In the material below, the lines between the one holding "Straßenbaumaßnahmen am Kreisel" and the one holding "Webhookイベントを送信", inclusive, are to be set down word for word. Pictures stay out.

> Provided information
======

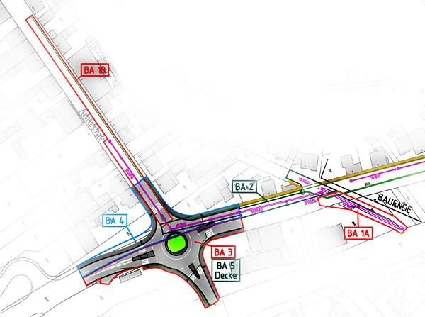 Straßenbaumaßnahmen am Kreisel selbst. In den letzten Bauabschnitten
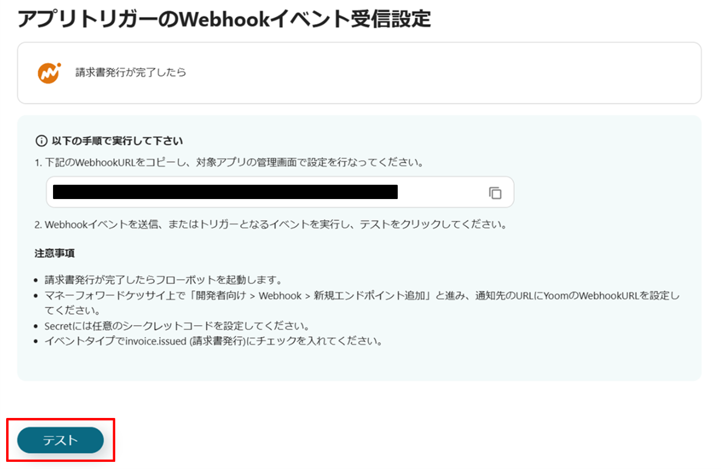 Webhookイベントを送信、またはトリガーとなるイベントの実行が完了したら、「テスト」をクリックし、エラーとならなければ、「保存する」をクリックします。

======

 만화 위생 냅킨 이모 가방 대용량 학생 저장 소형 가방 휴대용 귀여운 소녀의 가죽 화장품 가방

======

> Task answer
 Straßenbaumaßnahmen am Kreisel selbst. In den letzten Bauabschnitten
 Webhookイベントを送信、またはトリガーとなるイベントの実行が完了したら、「テスト」をクリックし、エラーとならなければ、「保存する」をクリックします。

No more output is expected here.